Behemoth by Scott Westerfeld

September 9th, 2010 by Brian Leave a reply »

I realized today that there is no main antagonist in the Leviathan/Behemoth series. It’s straight character vs. self and character vs. society. I wonder if that’s why students don’t quite get into the action. The only complaint I’ve received is that there’s so much focus on the history and not on excitement.

The “focus on history” comment is an interesting one, considering the book is about giant flying whales and steam-powered mechs.

Behemoth is a great sequel to Leviathan. It continues documenting the travels of the airship crew as they delve into the Ottoman Empire. There’s a little bit of airship combat but mostly it’s adventuring in the streets of Istanbul as Alek tries to find help to overthrow the German presence. Real ships and vehicles, like the Goeben and the Orient Express, show up, but in steampunk glory.

There is a cutesy mascot that gets added to the party, in the same vein as Gurgi from the Prydain Chronicles. Lots of babbling, lots of cuteness, and I must admit that, until I knew its true purpose, I sided with Count Volger on killing the thing.

In Behemoth, Westerfeld built up the revolution in Istanbul so that it explodes within the last 50 pages of the book.
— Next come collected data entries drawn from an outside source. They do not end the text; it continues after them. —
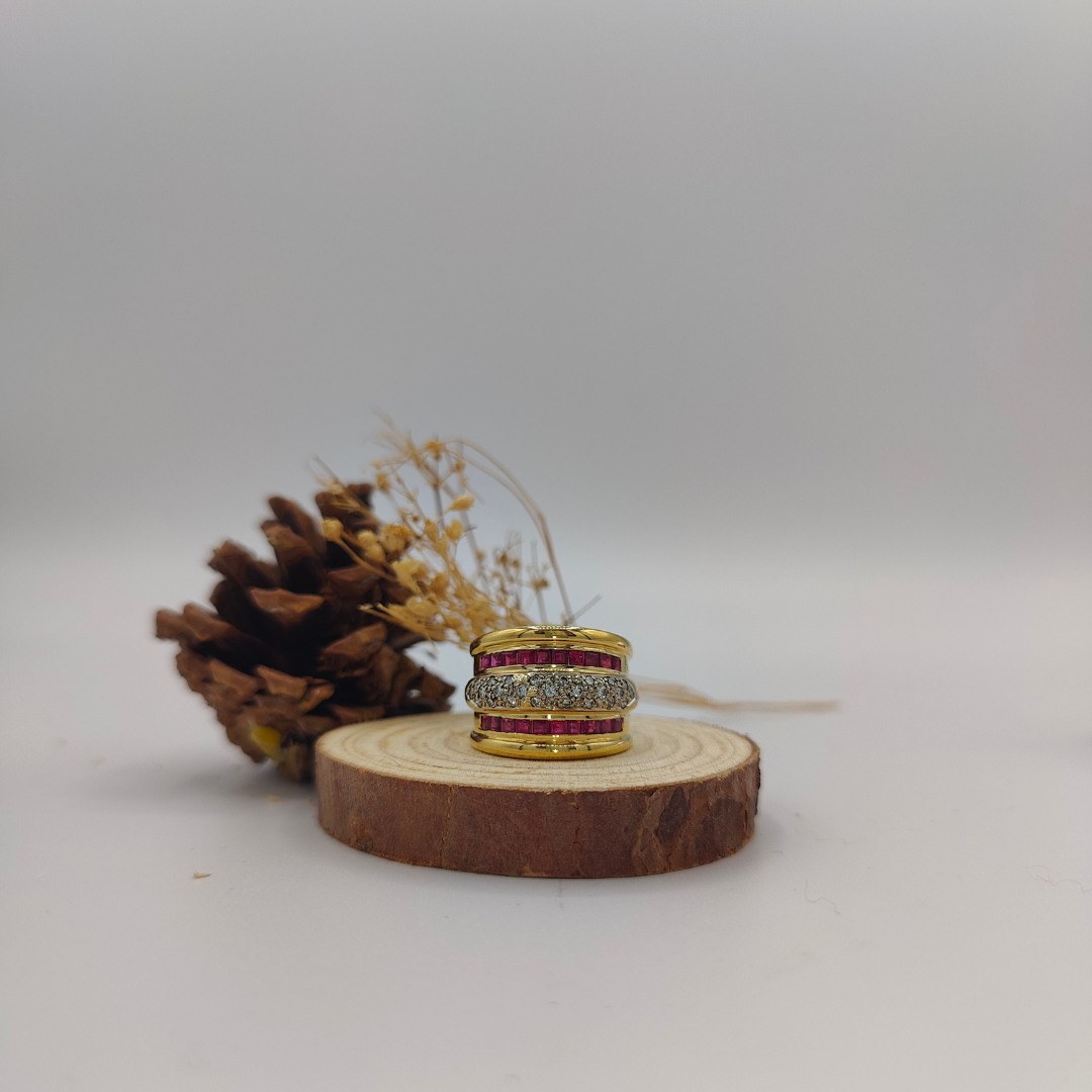 Este deslumbrante anillo presenta una fila central de diamantes que capturan la luz con un brillo deslumbrante. Por encima y por debajo de los diamantes,  se encuentran filas de rubís rojos intensos, todos ellos engastados en un elegante anillo de oro. Esta combinación de diamantes y rubís crea un contraste cautivador entre el brillo inmaculado y el intenso color rojo, haciendo de este amillo una verdadera declaración de estilo y sofisticación.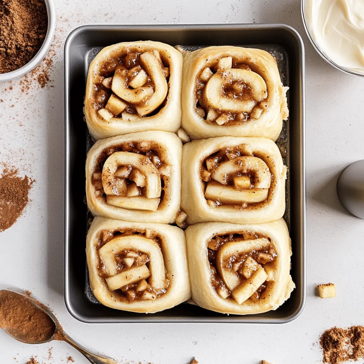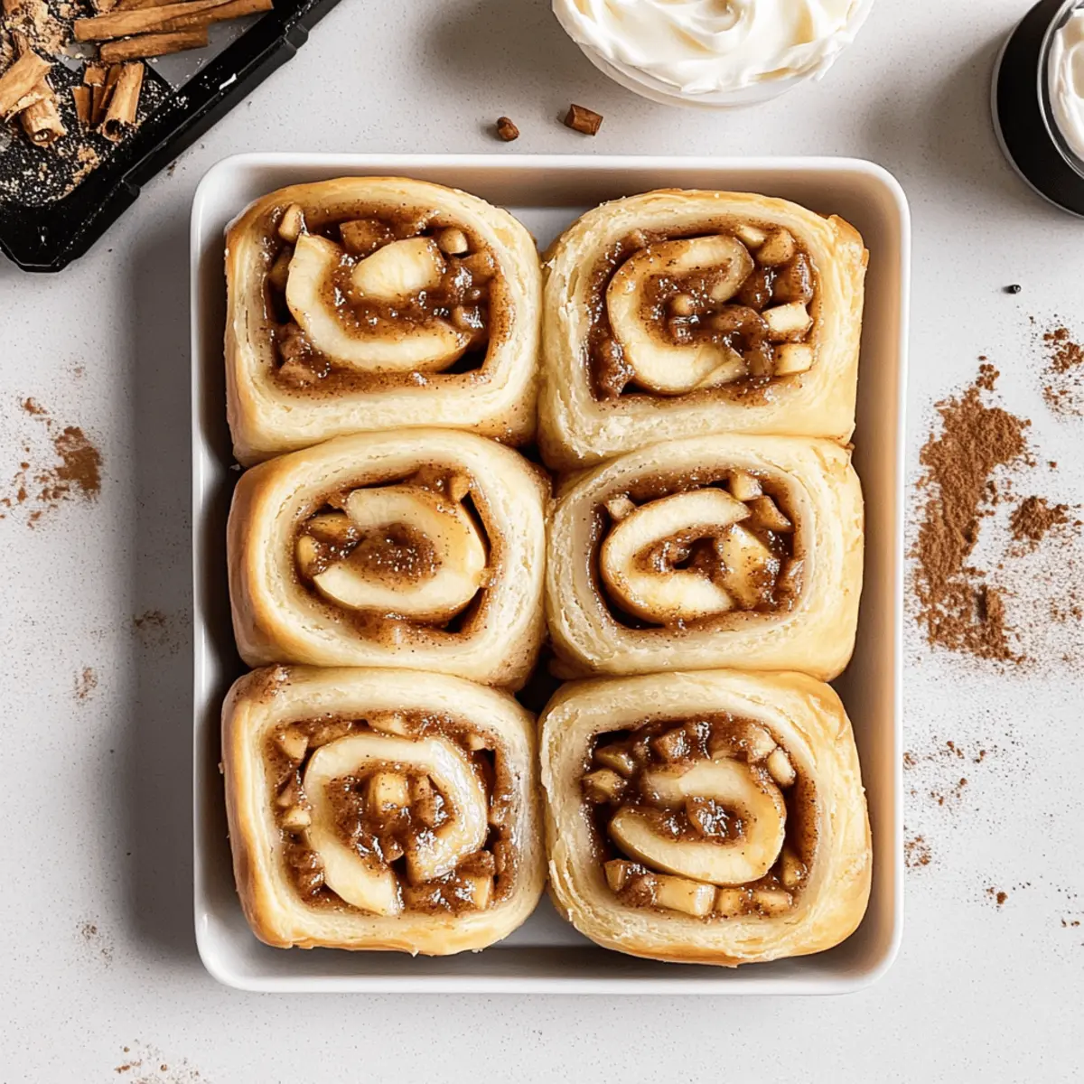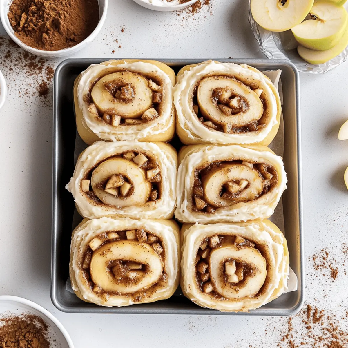 The aroma of freshly baked goods wafting through the kitchen can transport you to a warm, cozy place—a feeling you’ll experience with these Gooey Soft-Baked Apple Cinnamon Rolls. As someone who loves homemade food, I can promise that this recipe marries a gooey apple pie filling with a warm cinnamon brown sugar mixture for a perfect morning delight. Not only are they easy to assemble, making them a fantastic make-ahead breakfast for busy days, but their comforting taste will have everyone reminiscing about the joy of family gatherings and special moments. Whether you’re hosting a brunch or just want to treat yourself, these delightful rolls will steal the show. Ready to uncover the secrets to making your own batch? Let’s dive in! Why are These Apple Cinnamon Rolls Irresistible? Gooey Goodness: These soft-baked apple cinnamon rolls are the ultimate comfort food, bursting with a luscious apple pie filling that melts in your mouth. Easy to Assemble: Even beginners in the kitchen will thrive with this straightforward recipe. Prep the dough and fillings the night before for a hassle-free morning treat! Crowd-Pleaser: Perfect for brunches or family gatherings, everyone will be coming back for seconds. Add some warmth with a side of Pineapple Cucumber Salad to balance the sweetness! Unique Twist: With toasted pecans adding a delightful crunch, these rolls stand out from ordinary cinnamon rolls. Delightful Aroma: Baking them will fill your home with a heavenly scent, making it hard to resist tearing into them right out of the oven! Soft-Baked Apple Cinnamon Rolls Ingredients For the Dough • Brioche Dough – This rich dough provides the perfect structure; using store-bought can save time. For the Filling • Apple Pie Filling – Adds gooey sweetness and moisture; feel free to use homemade or store-bought. • Brown Sugar – Contributes caramel notes to the filling; coconut sugar is a delicious alternative if you want a twist. • Ground Cinnamon – Essential for that warm spice flavor; fresh cinnamon offers a more aromatic touch. • Toasted Pecans – Adds a satisfying crunch and depth, but you can omit or substitute with walnuts for a nut-free version. For the Frosting • Cream Cheese – Provides a creamy, tangy frosting that complements the sweetness beautifully; Neufchâtel cheese can lighten it up. • Powdered Sugar – Adjust the sweetness to your liking; it’s the perfect way to finish off your soft-baked apple cinnamon rolls. Step‑by‑Step Instructions for Soft-Baked Apple Cinnamon Rolls Step 1: Prepare the Dough In a large mixing bowl, combine your ingredients for the brioche dough. Knead for about 5-10 minutes until smooth and elastic, then cover it with a damp cloth. Let the dough rise in a warm spot for 1-2 hours, or until it has doubled in size, creating a cozy environment filled with the aroma of fresh dough. Step 2: Make the Fillings While the dough is rising, prepare the filling. In a saucepan over medium heat, combine your apple pie filling, brown sugar, and ground cinnamon, allowing them to heat and release their sweet fragrances for about 5-7 minutes. This creates a gooey mixture that will enhance the flavor of your Soft-Baked Apple Cinnamon Rolls. Step 3: Roll Out Dough Once your dough has finished rising, punch it down gently to release the air. Lightly flour a clean surface and roll the brioche dough into a 12×15-inch rectangle. Spread the warm apple filling evenly across the dough, leaving a small border around the edges. Sprinkle the toasted pecans on top, creating an inviting texture that adds crunch. Step 4: Form Rolls Starting from one long edge, carefully roll the dough into a tight log, maintaining even pressure. Once rolled, slice the log into 1¼-inch sections using a sharp knife or a bench scraper. You should have several delightful pieces, each promising a sweet surprise inside when baked. Step 5: Second Rise Place the sliced rolls in a greased baking dish, ensuring they have some room to rise. Cover them with a kitchen towel and allow them to rise again for about 30-60 minutes. They will puff up beautifully during this time, filling your kitchen with the scent of cinnamon and making the anticipation even sweeter. Step 6: Bake Preheat your oven to 350°F (175°C). Once the rolls have completed their second rise, bake them in the preheated oven for 25-30 minutes. Watch for the tops to turn golden brown and the edges to pull away slightly from the dish, indicating they are baked thoroughly and ready for frosting. Step 7: Frost After removing the rolls from the oven, let them cool in the dish for about 10 minutes. While still warm, prepare your cream cheese frosting by mixing cream cheese and powdered sugar until smooth. Spread generously over the Soft-Baked Apple Cinnamon Rolls, allowing it to melt slightly into the warm layers, creating a decadent finish to this comforting treat. Storage Tips for Soft-Baked Apple Cinnamon Rolls Room Temperature: Store leftover rolls in an airtight container at room temperature for up to 2 days to maintain their soft texture. Fridge: If you want to keep them longer, refrigerate the rolls for up to a week. Allow to warm slightly before serving to enjoy their gooey goodness. Freezer: For future enjoyment, you can freeze these rolls! Wrap them tightly in plastic wrap and store in a freezer-safe bag for up to 3 months. Thaw overnight in the fridge before warming. Reheating: To regain their freshly baked quality, reheat the rolls in the oven at 350°F (175°C) for about 10-15 minutes, or until warmed through for that cozy experience! What to Serve with Soft-Baked Apple Cinnamon Rolls Delight in a complete breakfast experience with warm and comforting sides that perfectly accompany your sweet rolls. Crispy Bacon: Adds a savory crunch that contrasts beautifully with the gooey sweetness, making every bite a delicious balance. The salty, crispy bite enhances the overall meal. Fluffy Scrambled Eggs: Soft, creamy eggs off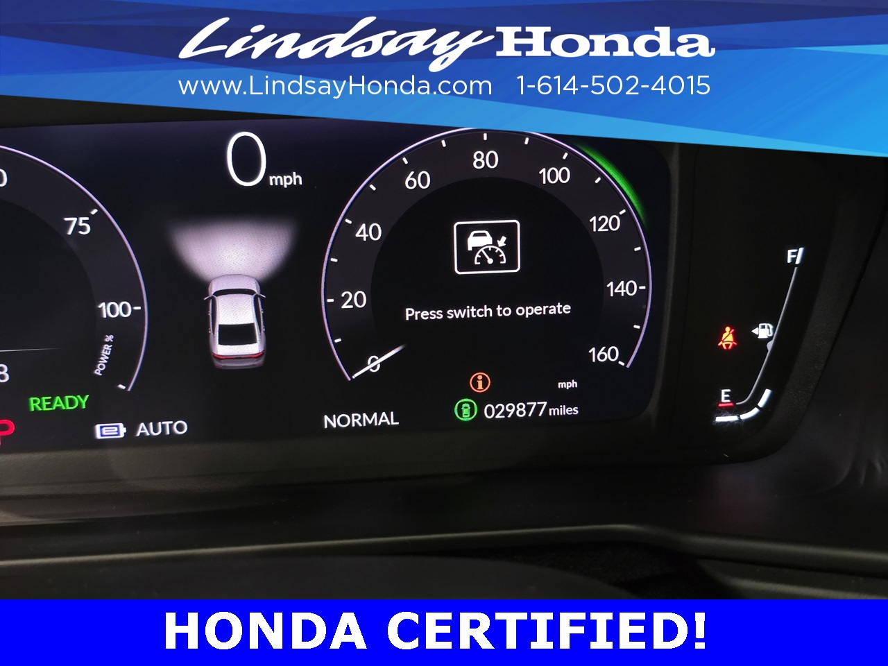 Certification Program Details: HondaTrue Certified Details: * 182 Point Inspection * Powertrain Coverage: 7 Years(From the original in-service date)/100,000 miles (whichever occurs first). * Non-Powertrain Coverage: Additional 2 years beginning at the expiration of the New Vehicle Limited Warranty, or from the date of sale of the vehicle if the New Vehicle Limited Warranty has expired at the time of sale, or up to 100,000 total odometer miles, whichever comes first. *Up to two complimentary oil changes within the first year of ownership. * Vehicle History Report * Warranty Deductible: $0 * Roadside Assistance * Transferable Warranty *SiriusXM 90-Day Trial *Honda Care Motor Club Partner for 1 year/12,000 miles Why buy from Lindsay?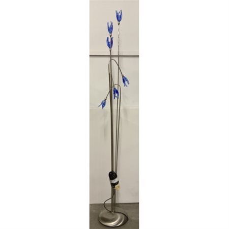 Lampada da terra in metallo cromato con paralumi in a forma di fiore in vetro soffiato blu. Italia, anni '90. (h cm 185) (lievi difetti)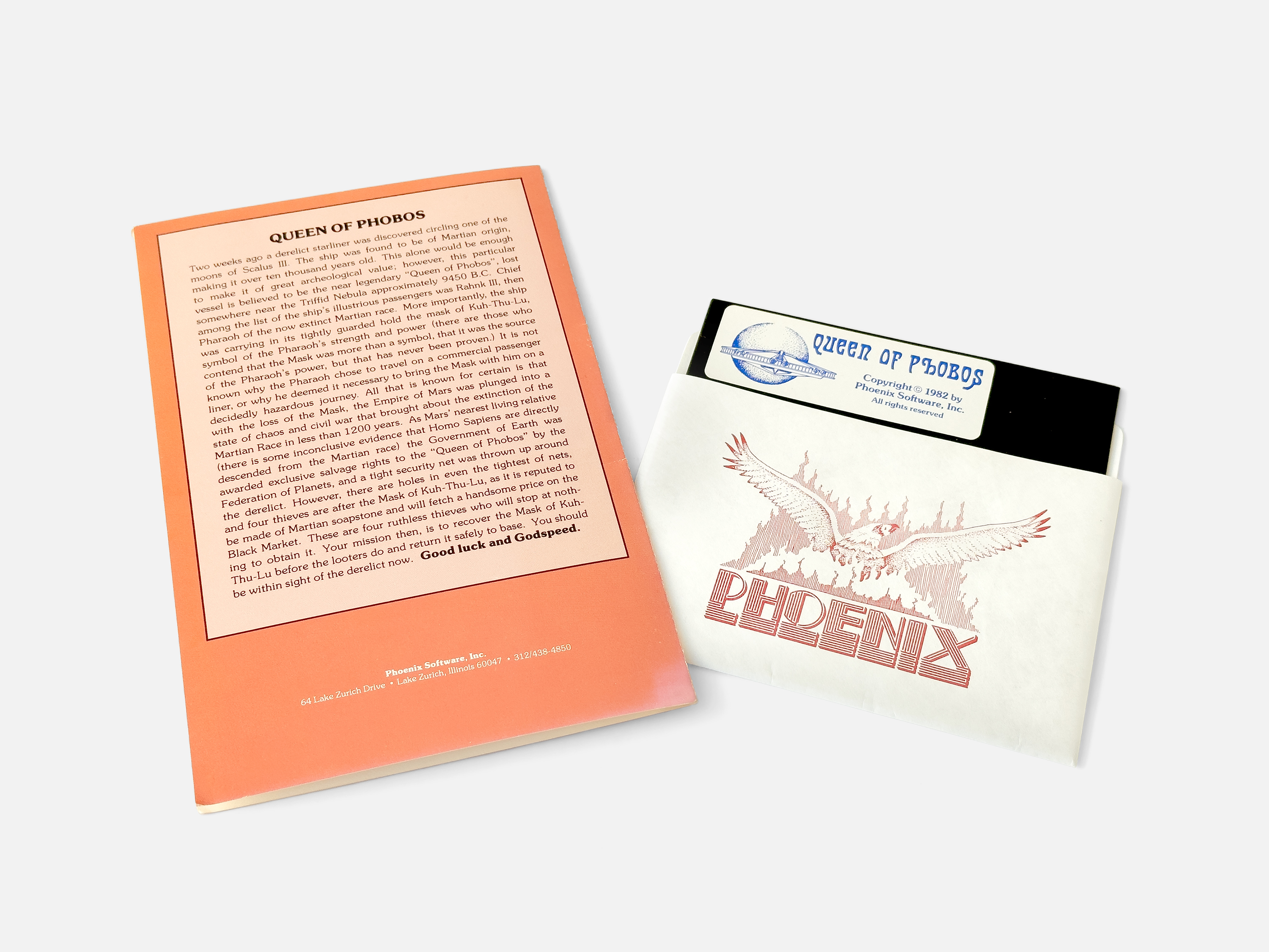 Phoenix Software’s third adventure title, and the first to feature graphics, Queen of Phobos, released in 1982, used “High-Res graphic adventure” on the cover, a wording that put them into a legal dispute with Ken and Roberta Williams’ Sierra On-Line.

Students who are looking for battles galore are going to be disappointed that it takes such time to develop. Students who love character interactions and a believable world, though, will enjoy it without a doubt.

I’m marketing this book as an adventure, more like Indiana Jones, where there’s running and crashing and stuff like that alongside witty one-liners. We’ll see how it does in October when it hits the shelf.